Transformation: It’s Harder Than it Looks

The rapid pace of technological change means that companies need to be able to quickly transform themselves in response to a fluid environment. A new McKinsey & Co. survey indicates that corporate executives are pretty glum about how they’re performing on this front. The survey asked corporate leaders how they have responded to some major change, such as completing a merger, responding to a crisis, or reorganizing the company’s structure. Many executives were not pleased with how their firms performed. Nearly half felt that their proposed targets (e.g. cost reductions) were not clear. Two-thirds of managers also felt they had done a poor job of engaging front-line workers in the transformation process. The study concludes with some tips for managing effective organizational transformations. Managers need to plan ahead and set clearer guidelines for change. Top leadership, starting with the CEO, needs to be actively engaged in reaching out to all parts of the organization. Finally, firms should not view transformation as a single, standardized process. They should tailor their tactics and strategies to the specific outcomes they hope to achieve.

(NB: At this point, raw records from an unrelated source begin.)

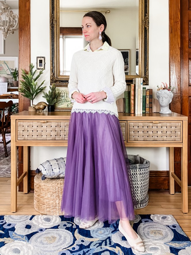 I had planned to wear this for church last week but ended up with the stomach flu! So I wore it during the week on a mild Spring day for school drop off/pickup.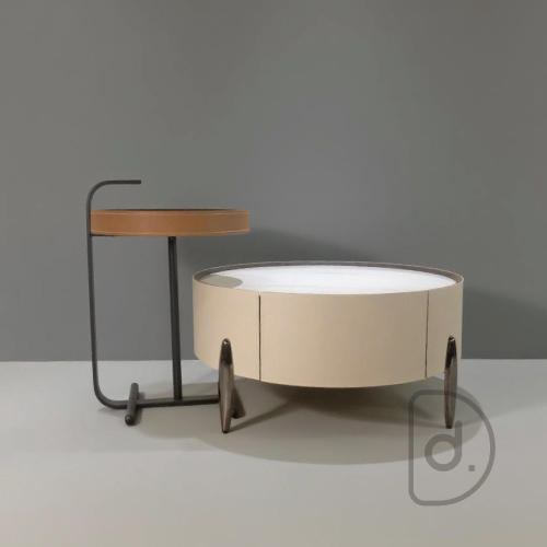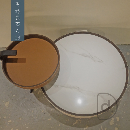 棕色皮革白紋大理石兩件式桌几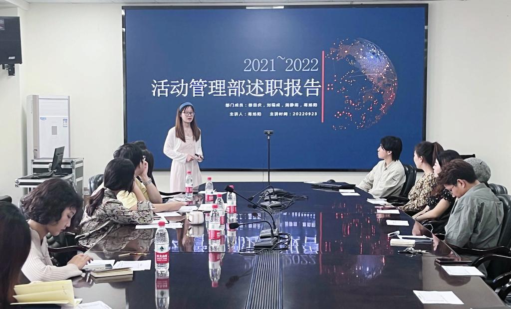 会议第一部分,第二届研究生会主席团与各部门负责人分别对一年以来各部门工作进行述职汇报。研究生会主席解宇轩首先总结了上一年的整体工作,对于研究生会接下来的发展提出了工作设想。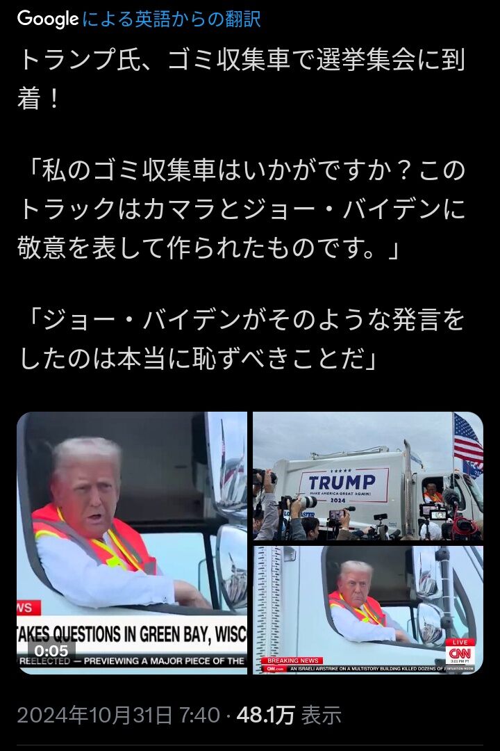 【画像】バイデン「トランプ支持者はゴミ」→ トランプ、ゴミ収集車に乗り選挙集会に到着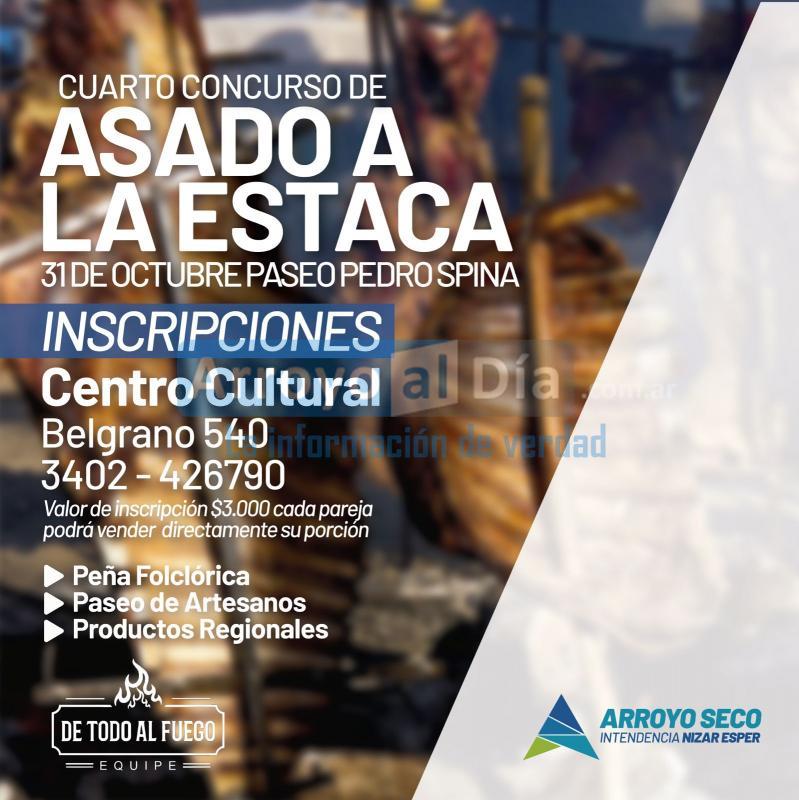 La Municipalidad de Arroyo Seco mediante la Secretaría de Cultura, Deportes y Educación junto a De Todo al Fuego Equipe, informa que el próximo 31 de octubre de realizará en el Boulevard Paseo Intendente Pedro Spina el 4° Concurso de Asado a la Estaca en nuestra localidad.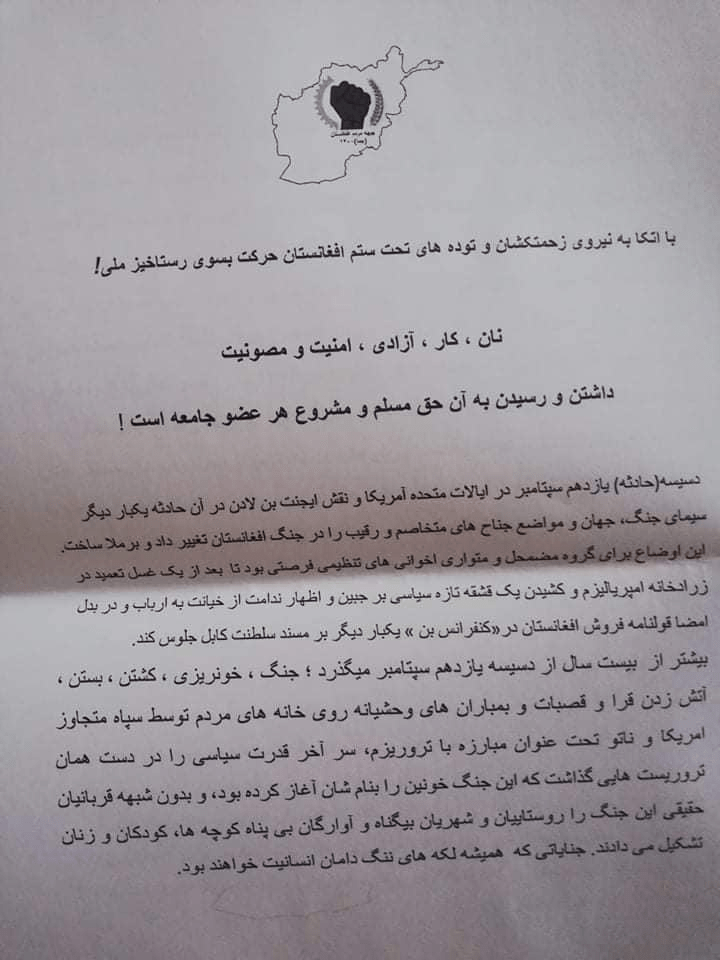 اولین شیپور رستاخیز ملی بر ضد امارت طالبانی و اسلاف بنیادگرای ان در داخل افغانستان به صدا درامد . صدای رسای : «نان ، کار ، آزادی ، امنیت و مصونیت؛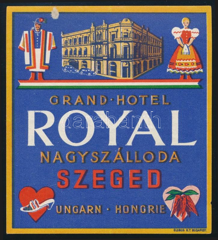 cca 1940 Hotel Royal nagyszálloda Szeged háború előtti magyar hotelcímke, bőrőndcímke, jó állapotban 10x11 cm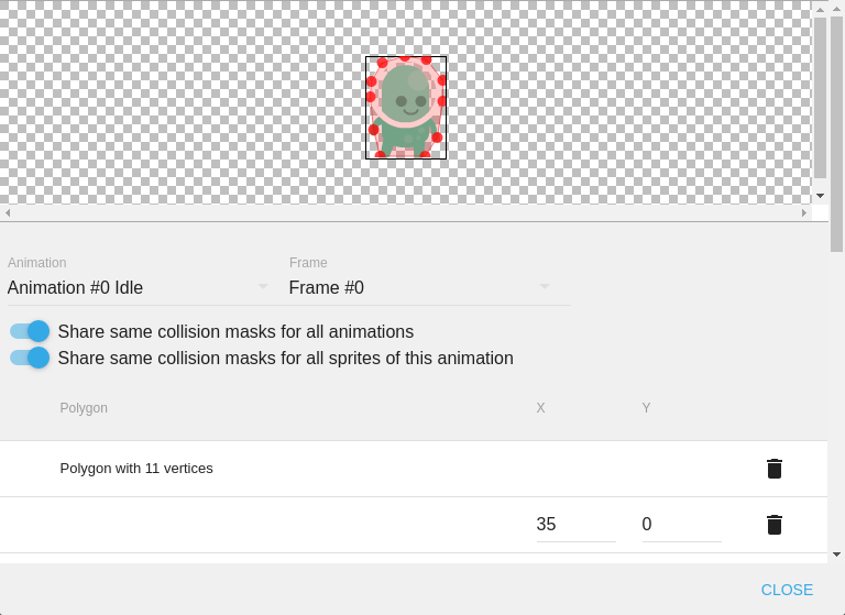 This will take you to the screen where you can enter/drag the outline of your collision mask. To add more points, click on the + sign below all the coordinates of your points. My final sprite collision masks look as shown below.

Access the 2008 McKinsey Quarterly article, “Creating Organizational Transformations”
(registration is required).


Better Supports Needed for Kentucky’s Entrepreneurs

The state of Kentucky needs to do a better job of supporting its entrepreneurs, especially those located in isolated rural regions. A new Mountain Association for Community Economic Development (MACED) notes that Kentucky’s small businesses account for 99% of all firms in the state, yet many of these ventures continue to struggle. In fact, the average income of Kentucky’s entrepreneurs falls 26.4 percent below national averages. A number of innovative and effective support programs operate in pockets across Kentucky, but the state has not made a serious and substantial investment in support small business owners. The report concludes by encouraging state leaders to invest more in entrepreneur support efforts, to assume a more active role in coordinating local and regional programs, and to create a state commission that helps generate additional public support for entrepreneurship as a key state economic development priority.

Access the 2008 Mountain Association for Community Economic Development report, Creating a System of Support for Entrepreneurs and Small Businesses in Kentucky. The report was prepared for MACED by the RUPRI Center for Rural Entrepreneurship.


The Effects of Sarbanes-Oxley

Many business leaders have blamed the Sarbanes-Oxley financial regulations for the decline in the US’s dominant position as the world’s leading financial center. New research from professors at Ohio State’s Fisher School of Business offers some indications that regulatory changes are not the dominant factor at work here. The researchers examined foreign firms that have deregistered from US financial markets. Prior to rule changes that took effect in March 2007, deregistration was a quite complicated process. The new rules made it easier, and fifty-nine firms opted to deregister in response. In analyzing these firms, the researchers found that the companies were not adversely affected by Sarbanes-Oxley or other regulations. Instead, the firms suffered from poor performance and opted to deregister because they now faced limited opportunities to raise money in US markets. The study concludes that, while this sample of firms was small, it did indicate a foreign firm’s decision to register (or deregister) in US markets is driven more by a market forces than by the impact of regulations.

Download the August 2008 Ohio State University Fisher School of Business Working Paper (#2008-03-13), “Why do Foreign Firms Leave US Equity Markets? An Analysis of Deregistrations under SEC Exchange Act Rule 12h-6,” by Craig Doidge, G. Andrew Karolyi, and Rene M. Stulz.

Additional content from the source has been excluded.